**TASK INSTRUCTIONS:** Lines below starting with the line with "Abdichtung der Kabel" and going on through the line with "5 - Ou percer avec une perceuse" must be output exactly; the rest of the records must be left out.

**PROVIDED INFORMATION:**
-- Opening Marker --

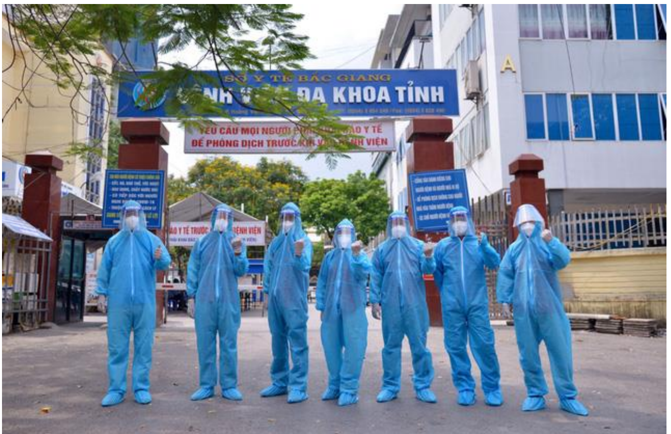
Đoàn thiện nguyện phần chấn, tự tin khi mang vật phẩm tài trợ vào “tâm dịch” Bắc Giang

-- Closing Marker --
-- Opening Marker --

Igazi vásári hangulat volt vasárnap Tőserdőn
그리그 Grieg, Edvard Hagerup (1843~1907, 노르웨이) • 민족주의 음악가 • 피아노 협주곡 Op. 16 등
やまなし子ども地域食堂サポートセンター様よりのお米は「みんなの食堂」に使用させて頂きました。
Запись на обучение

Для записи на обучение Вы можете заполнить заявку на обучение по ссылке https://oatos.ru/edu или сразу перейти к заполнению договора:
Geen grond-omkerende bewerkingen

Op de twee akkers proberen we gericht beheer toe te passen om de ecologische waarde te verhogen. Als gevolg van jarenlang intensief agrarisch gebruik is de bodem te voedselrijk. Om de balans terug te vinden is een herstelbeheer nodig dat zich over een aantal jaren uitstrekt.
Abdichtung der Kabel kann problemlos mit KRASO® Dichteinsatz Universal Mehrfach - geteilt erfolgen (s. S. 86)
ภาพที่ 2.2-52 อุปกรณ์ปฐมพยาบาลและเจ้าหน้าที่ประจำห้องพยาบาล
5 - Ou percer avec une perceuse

-- Closing Marker --
-- Opening Marker --

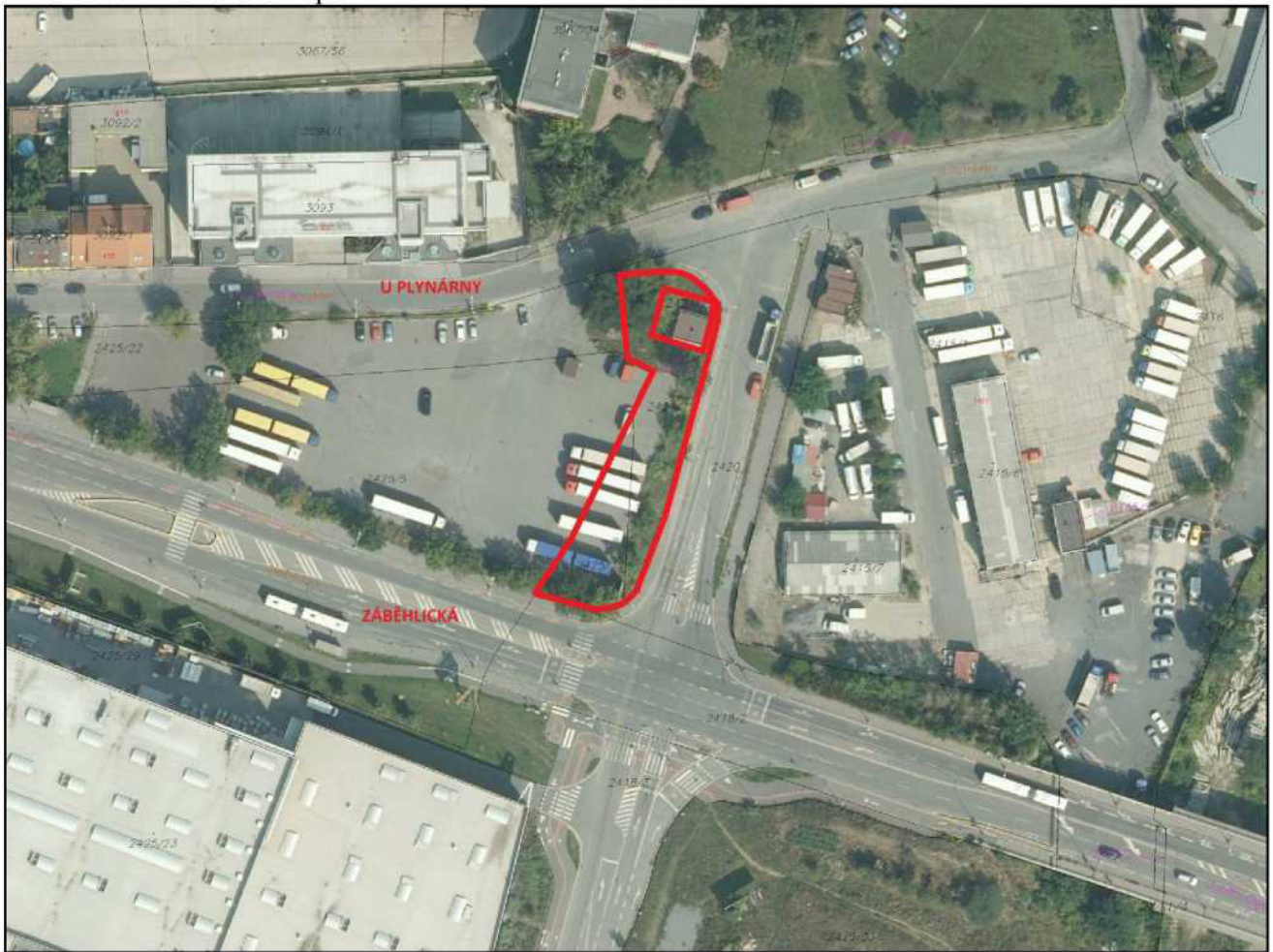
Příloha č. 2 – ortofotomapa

-- Closing Marker --

**REPLY:**
Abdichtung der Kabel kann problemlos mit KRASO® Dichteinsatz Universal Mehrfach - geteilt erfolgen (s. S. 86)
ภาพที่ 2.2-52 อุปกรณ์ปฐมพยาบาลและเจ้าหน้าที่ประจำห้องพยาบาล
5 - Ou percer avec une perceuse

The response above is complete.